With this information as background, Table 11 illustrates the degree to which individual

students are observed to be sorting into the types of courses for which they appear, based on

our model, to be best suited. In particular, we label a student as specializing in a particular

course type if the number of courses taken in that course type is higher than the number of

courses taken in either of the other two course types. Panel A of this table displays results

using the estimated abilities from our homogeneous gamma model standardized to a N(0,1)
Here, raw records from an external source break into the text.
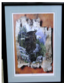
Regal Impressions II –Paul Livingston – 25”w x 34”h

Interested in some art work and supporting a charity at the same time? These prints are available for sale and come framed and ready to hang on your wall!
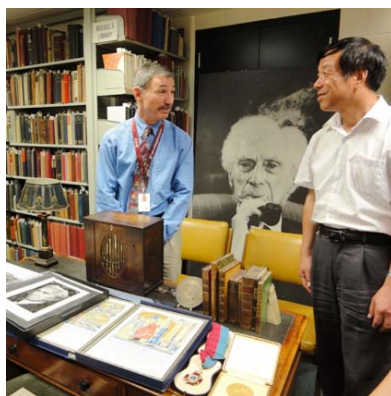
Bertrand Russell Archives

Activities outside the classroom are arranged so that participants have opportunities to apply their new English skills and knowledge. The English Teachers Training Program focuses on improving teachers' English language abilities in the context of English language, literature and culture. Additionally, teachers will be trained in teaching methodology to aid them in becoming more efficient and effective English teachers in their home-country educational institutions. The program is taught by highly qualified and experienced instructors with access to the superb facilities provided by a world-class university.
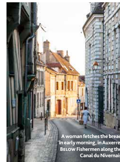
A woman fetches the bread in early morning, in Auxerre. BELOW Fishermen along the Canal du Nivernais
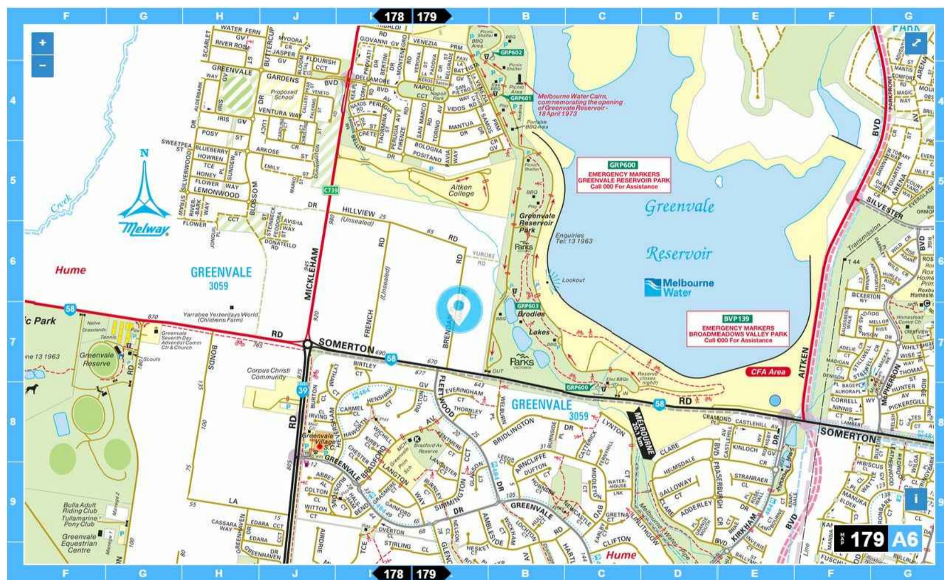
LOCALITY PLAN NOT TO SCALE
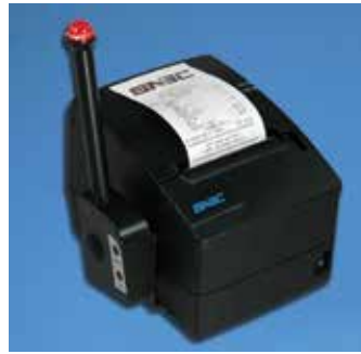
Optional Audio/Visual Print Messenger
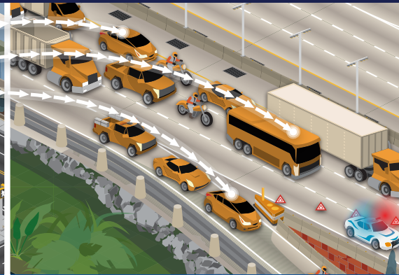
Real-time Driver Data

Transportation systems management and operations (TSMO) programs strive to optimize the use of existing roadways through tools such as traveler information, traffic incident management, work zone management, and traffic signal management. TSMO solutions can help mitigate congestion due to special events, adverse weather, traffic incidents, work zones, and planned maintenance. However, these solutions require real-time, high-quality, and wide-ranging roadway information. Gaps in geographic coverage, lags in information timeliness, and life-cycle costs for field equipment can limit State and local agencies' ability to operate the system proactively.
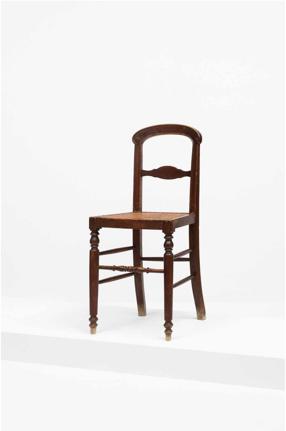
CBM 2000.228 Chair from the atelier at 10 Avenue Georges v in Paris
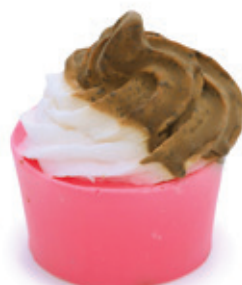
Happily Ever After
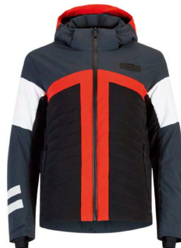
BLK / GRIGIO / BACIO 99IO
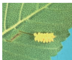
Figure 3. Eggs

Eggs — Clusters of five to 25 eggs laid in two to three parallel lines are generally found along veins on lower leaf surfaces. Eggs are bright yellow and somewhat pointed at their apical ends (Figure 3). Each female can deposit 400 to 800 eggs.
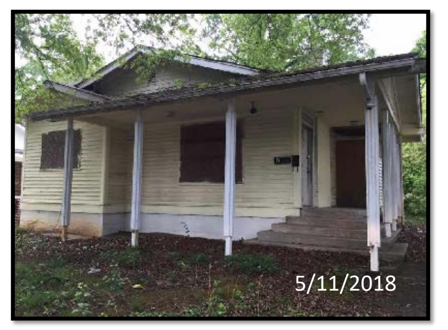
C-6 2936 Patterson Ave
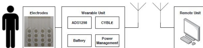
Fig. 1. The architecture of the system.

The overall system's architecture (Fig.1) consists of two main parts: a wearable unit and a remote one. The former acquires signals from the human body through the electrodes, converts them to digital ones and sends them through Bluetooth Low Energy (BLE) to the remote unit that is devoted to store the data, perform pre-processing steps and provide the results to custom applications.
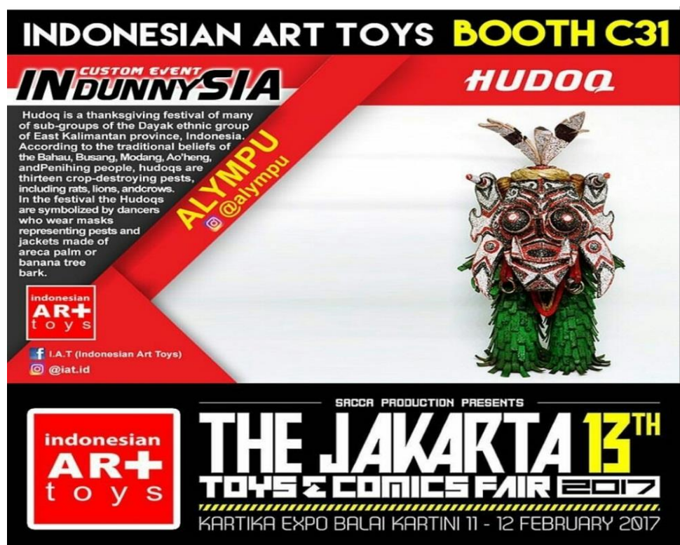
Figure 5: Indonesian urban toys publications and promotions.

Urban toys in promoting culture has strength in three-dimensional elements. IAT as an urban artist community, makes urban toys as visual communication to display miniature artifacts and cultural heritage of Indonesia. IAT considers that through urban toys, it can show Indonesian culture not only with two dimensional communication mediums such as sketch or articles of culture, but urban toy has three dimensions form so it can be enjoyed physically. Urban toys is considered to be a combination of cultural promotion publications, in promoting the culture of urban toys supported by a brief narrative of traditional stories or the caption of Indonesian culture. Through this brief narrative, the artists can communicate the concept of his work while explaining the cultural elements that are being promoted. The appearance in the publication of the concept of the artist's work from the IAT is also a cultural promotion, because each work will be supported by a narrative of its cultural symbols. This can be seen in the sample publication below :
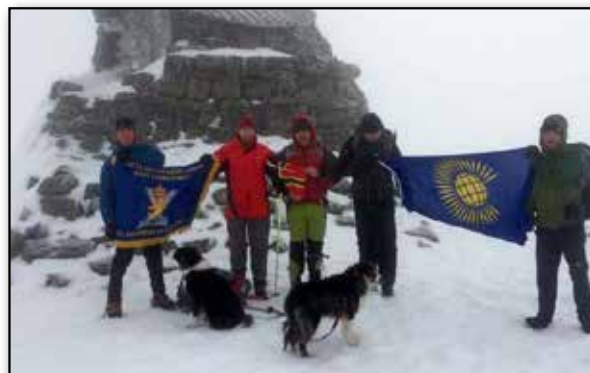
The team from 1st Battalion the Highlanders ACF on top of a snowy Ben Nevis.
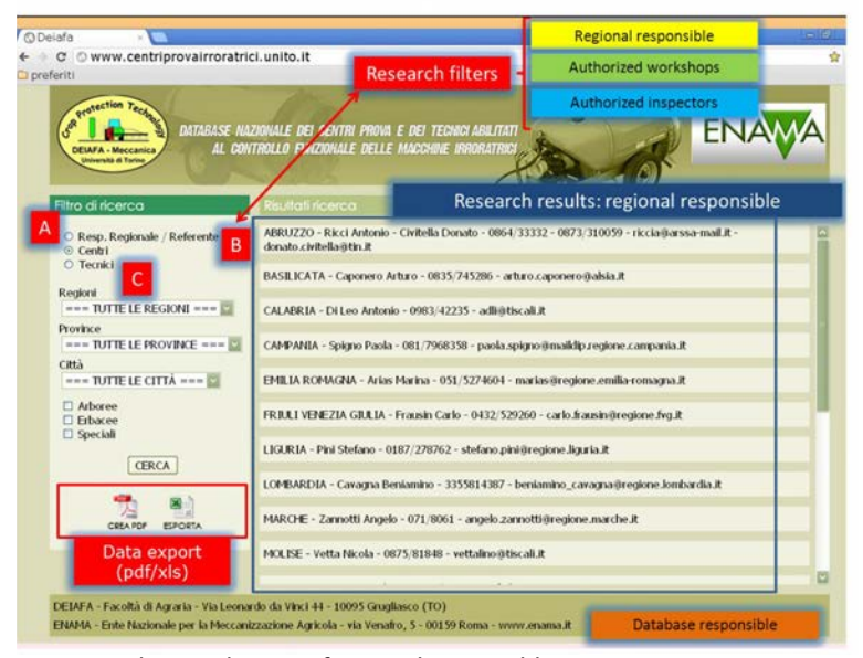
Fig. 6. Database web page of regional responsible.
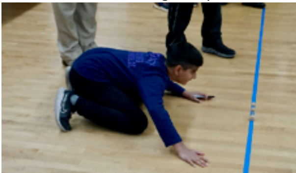
Our Linesman, in charge of seeing where each ball crossed the line.
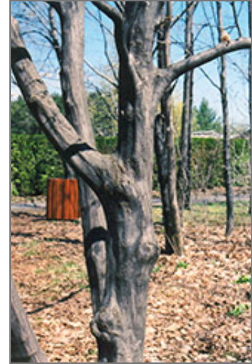
American Hornbeam bark

This tree performs well in both full sun and full shade. It is an amazingly adaptable plant, tolerating both dry conditions and even some standing water. It is not particular as to soil type or pH. It is somewhat tolerant of urban pollution. This species is native to parts of North America.
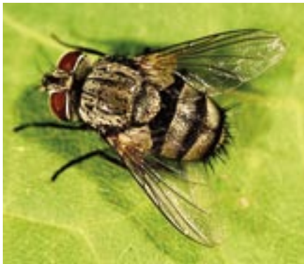
Figure 11 . An adult tachinid fly (10 mm)

Tachinid flies are found in all summer crops and some species are active in winter crops like chickpea, wheat and barley. Most tachinid flies that attack helioverpa are the same size and general appearance as a blowfly (7–10 mm) (Figure 11).
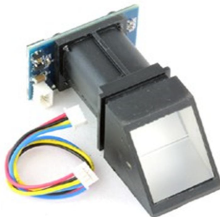
Fig. 2 Fingerprint Module

This is a fingerprint sensor module having the TTL UART interface for direct connection to the micro controller to PC through MAX232 / USB-Serial adapter for communication. The fingerprint data store in the module and it can configure it in 1:1 or 1: N matching for identifying the individual's identity. The Fingerprint module can directly interface with 3v3 or 5v Micro controller. A level converter (like MAX232) is necessary for interfacing with PC serial port. The optical bio metric fingerprint reader having great features and can be embedded into a varieties of end products, such as access controls, attendance system, safety deposit boxes, car door locks [5].
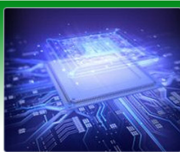
PRINTED CIRCUIT BOARD (PCB) ASSEMBLY SERVICES
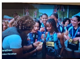
Erhumwusee (7M) with Joe Wicks
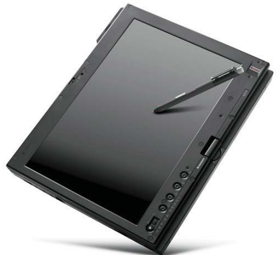
Lenovo ThinkPad X201 Tablet
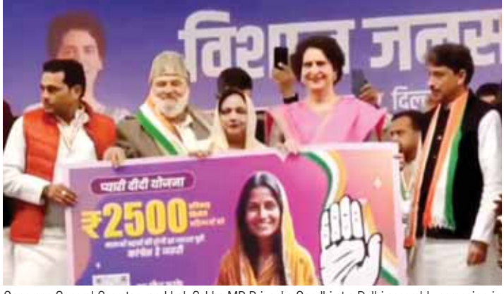
Congress General Secretary and Lok Sabha MP Priyanka Gandhi at a Delhi assembly campaign in national Capital on Sunday. Delhi goes to polls on Wednesday

routed completely. Members of Opposition parties under the INDIA bloc has claim that about 63 election petitions have been filed across various benches of the Bombay High Court
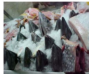
Ko hono fakatau atu 'eni he South Pacific Resource
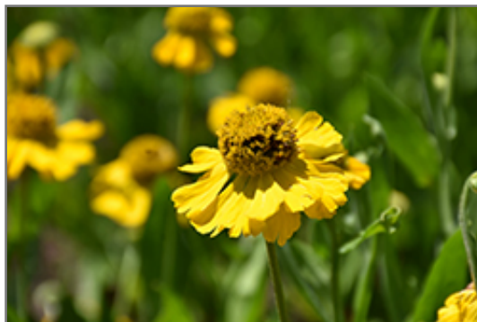
Pumilum Magnificum Sneezeweed flowers
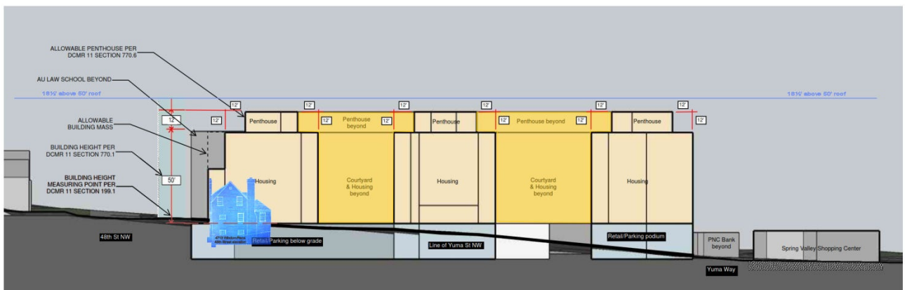
Blueprint of 4713 Windom Place, N.W. reduced to the scale of Valor Development, L.L.C. site rendering, with first floors at same elevation.

Below, I repeat another of Valor’s renderings showing the Yuma Street elevation compared to the scaled west elevation of my house, with the first floors aligned. I have done so since this rendering includes the Massachusetts Avenue Parking Shops building (labeled “Spring Valley Shopping Center”).
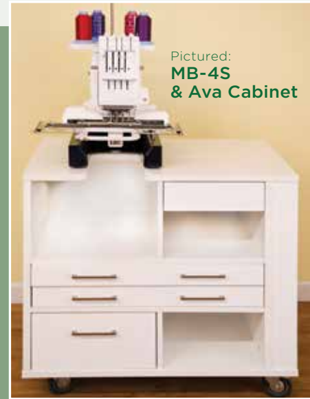
Pictured: MB-4S & Ava Cabinet
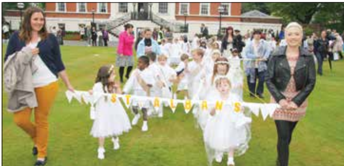
Youngsters from St Alban's Church

For more pictures and video coverage go to www.warrington-worldwide.co.uk
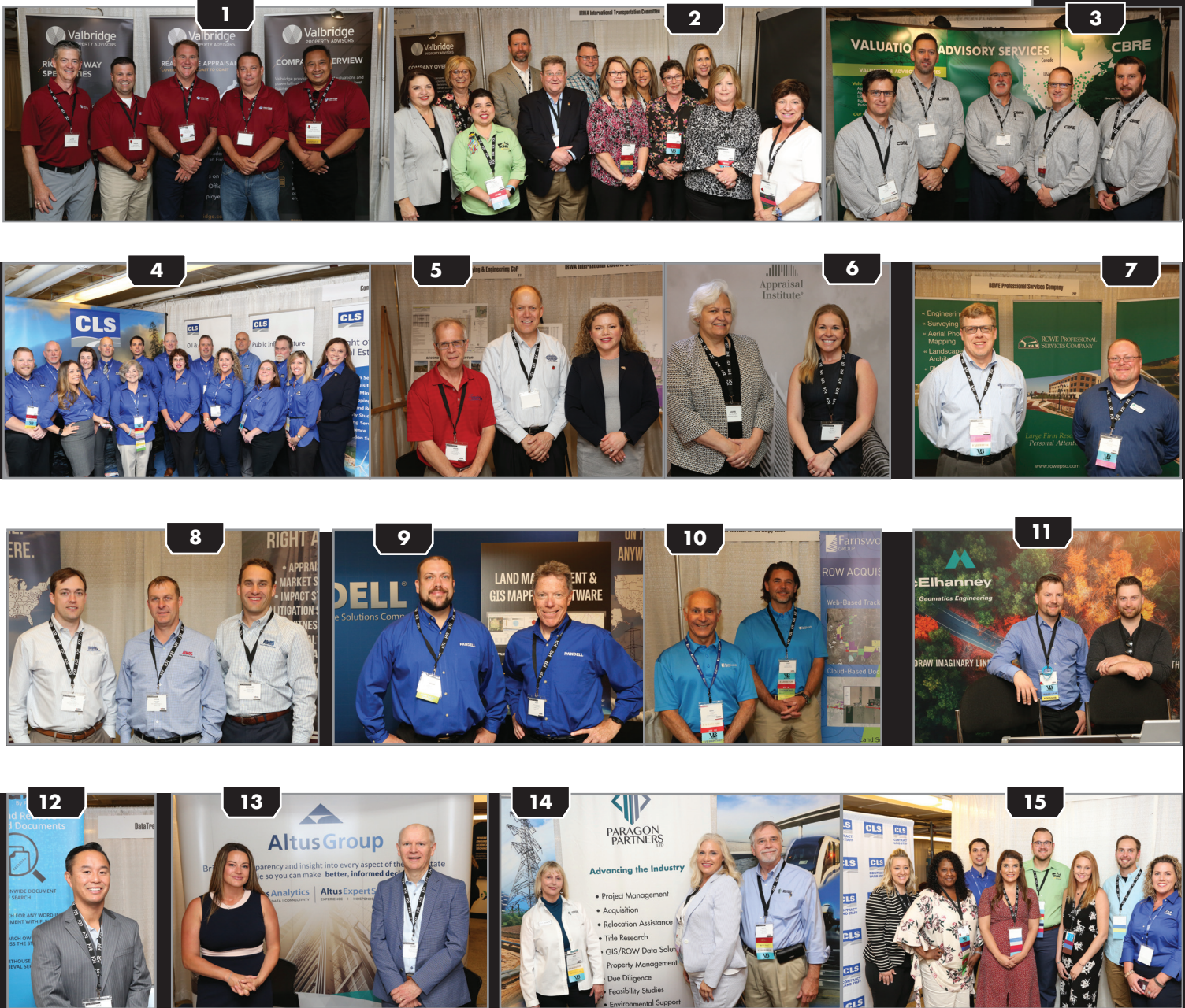
1. Valbridge Property Advisors 2. IRTA International Transportation Committee 3. CBRE, Inc. 4. Contract Land Staff 5. IRTA International Electric & Utilities Committee and IRTA International Surveying & Engineering CoP 6. Appraisal Institute 7. ROWE Professional Services Company 8. Allen, Williford & Seale, Inc. 9. Pandell 10. Farnsworth Group, Inc. 11. McElhanney Ltd. 12. DataTree by First American 13. Altus Group Ltd. 14. Paragon Partners Ltd. 15. IRTA Young Professionals

With hundreds of conference attendees, the Exhibit Hall served as an ideal venue for exhibitors to showcase their products and services to the dedicated right of way professionals in attendance. For a chance to win an iPad, each conference attendee received an Exhibit Hall Passport, which encourages participants to visit each booth to obtain a signature. This created a highly interactive environment among the participants and was a great success in generating traffic.
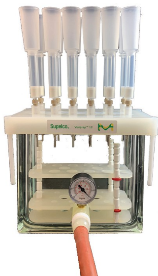
Figure 1. Visiprep™ large volume samplers, Supelclean™ SPE cartridges, and Visiprep™ vacuum manifolds provide a complete sample preparation solution for PFAS analysis.

Optimized sample clean-up and concentration is vital to achieve accurate and precise results. A range of vacuum manifolds, solid phase extraction (SPE) cartridges, and large volume samplers are available to support your PFAS sample preparation needs (Figure 1).
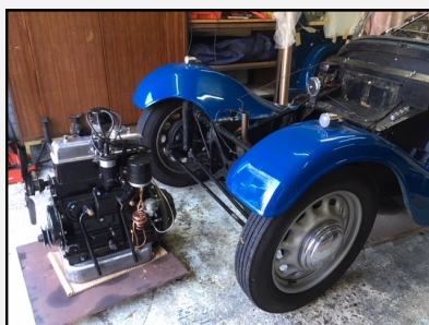
Rebuilt 1947 Morgan engine waiting to be fitted into the car.

It has been too bitter or too wet since Christmas for easy fettling of the treasured steeds but at least one rebuilt engine has been completed and is being shoe-horned into place, whilst the rest of us play with carburettors in the kitchen, or warm workshop, or turn our talents to more mundane and dangerous tasks such as being annoying to her indoors. However, anti-freeze has been checked, batteries charged, tyre pressures inspected and winter servicing in general completed.
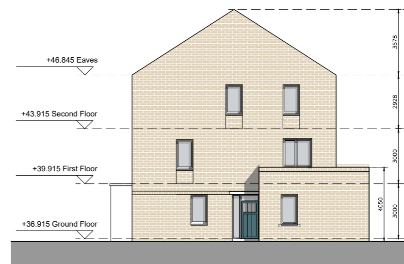
DUPLEX BLOCK K SIDE ELEVATION (WEST)
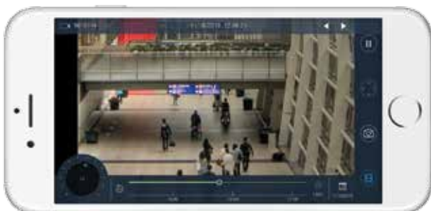
DVM Mobile Dashboard
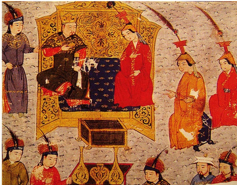
Mongol Rulers and Their Women Bibliothèque nationale de France Chapter 11, Ways of the World: A Brief Global History , Second Edition and Ways of the World: A Brief Global History with Sources , Second Edition Copyright © 2013 by Bedford/St. Martin's Page 372 (page 532, With Sources)
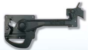
77 lock complete with keeper

A variety of lock systems are available.
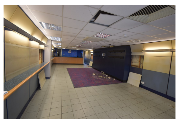
Interior (from front)
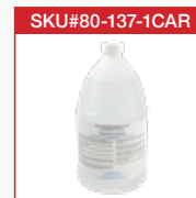
J-Break Platinum Investment Remover
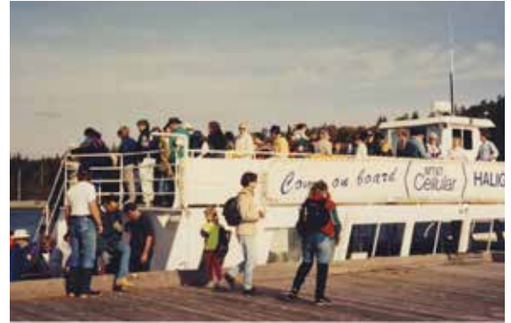
Island Visitors C. 1992
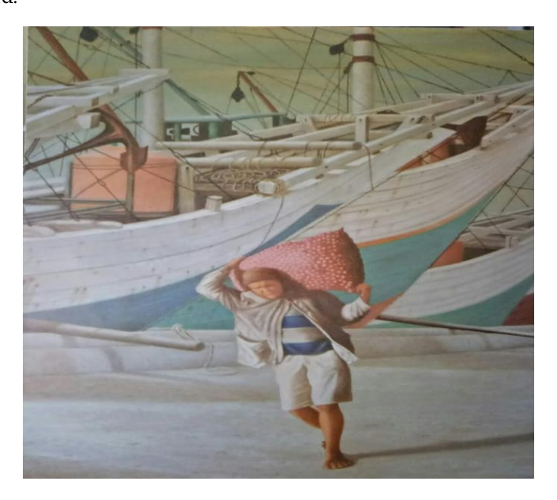
Figure 6: Oil painting "Berlabuh di Dermaga" (Anchored on the Dock) on canvas 100 cm length x 138 cm width painted by Rusli (Collection of Dinas Kebudayaan Provinsi Riau)

porter who is picking up goods. The principle signs depicted in the painting are the image of the porter and the ships in the dock. Porters picking up goods are commonly found at any port alongside rivers. It provides an image of somebody who is poor but has strength, and that the ships are the sea transportation model that brings the resources in huge quantities. This painting portrays the dock as an important role in Malay economic activity with many ships anchored there. It tries to depict that the development of cities on Malay land started from the ports along the rivers. However, the Malay people are on the weakest side of the dock. From the principle signs, it seems that the images in the painting symbolise that "The strength of the Malays still exists even though they are not lucky enough in their homeland."

distribution, and Panel B displays results using only the portion of those estimated abilities

that could be predicted based on observable characteristics, also standardized to N(0,1). The

rows correspond to the sets of students who specialize in humanities, social sciences, and math

and science, respectively. The numbers along the rows gives the mean (normalized) fixed effect

for each of the different course types.

We see two striking patterns in Panel A. First, students who specialize in humanities

courses are estimated to be less able across the board than those who specialize in either

the social sciences or math and science. Students specializing in math and science are the

most able across the board, with higher average fixed effects in each course type. Even more

interesting, students in each specialization group appear to have specialized in the area for

which they are most suited. This can be seen from the fact that the highest number in each row

is that corresponding to the course type specialized in by that sample of students–the highest

number in each row is on the diagonal.20 Panel B of Table 11, where we use only observed

ability to examine selection, also illustrates both absolute and comparative advantage, but

reflects more attenuated distributions of abilities and less heterogeneity than shown in Panel

A.20Paglin and Rufolo (1990) find similar sorting patterns using GRE exam data and transcript data from the

University of Oregon and Oregon State University. They find that students with high math ability tend to take

courses in which there is a high return to this skill.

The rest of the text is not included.